Без эмоций перевожу взгляд на пустующее место рядом со стулом мамы. Будто брат, который всегда занимал ту часть стола, может слышать мои слова. Смотрю на свободное место без тоски – с Максом мы никогда не были особо дружны. Его с юности утянули учебники, затем университет и научные кружки, а потом – работа хирургом во Франции. Он без особого труда и с удовольствием вписался в клуб фанатиков. Стал гордостью родителей и идеалом, к которому мне настойчиво советуют стремиться.
– У Макса много работы, – тут же вступается за брата мама. – Он едва урвал минутку между операциями, чтобы передать поздравления.

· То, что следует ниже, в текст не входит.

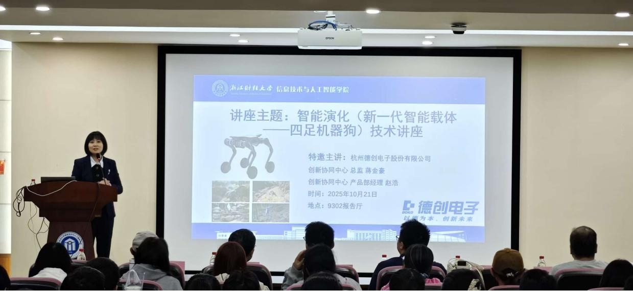 2025年10月21日,巴卡漫画 特邀杭州德创电子股份有限公司创新协同中心总监蒋金豪、产品部经理赵浩,在9302报告厅举办《智能演化(新一代智能载体)——四足机器狗技术讲座》。学院副院长朱凌主持讲座,院长助理/计算机系主任陈明晶、智能物联网及嵌入式开发课程资深教师张后旗、电子电路课程骨干教师杨泽、机器人课程骨干教师张翔等教师及相关本科生、研究生共130余人参与。
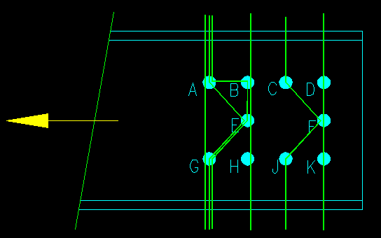 Figure FP-2c show an FBD of the end of one of the splice plates with the same failure paths considered for the W section. Again there are more potential failure paths than shown, but the given set includes the valid failure path(s).

Между вазочками с салатами она ставит на середину стола шикарное блюдо с запеченной свининой с овощами. Мама принимается разливать напитки, а папа нарезает мясо и раскладывает порции по тарелкам.
– Бабушка и дедушка из Москвы тоже звонили, – вспоминает папа о родственниках по своей линии.
– И из Краснодара, – не забывает упомянуть о своих родителях мама. – Все очень гордятся тобой! Приехать в Питер не смогли, да и время на звонок нашли только утром…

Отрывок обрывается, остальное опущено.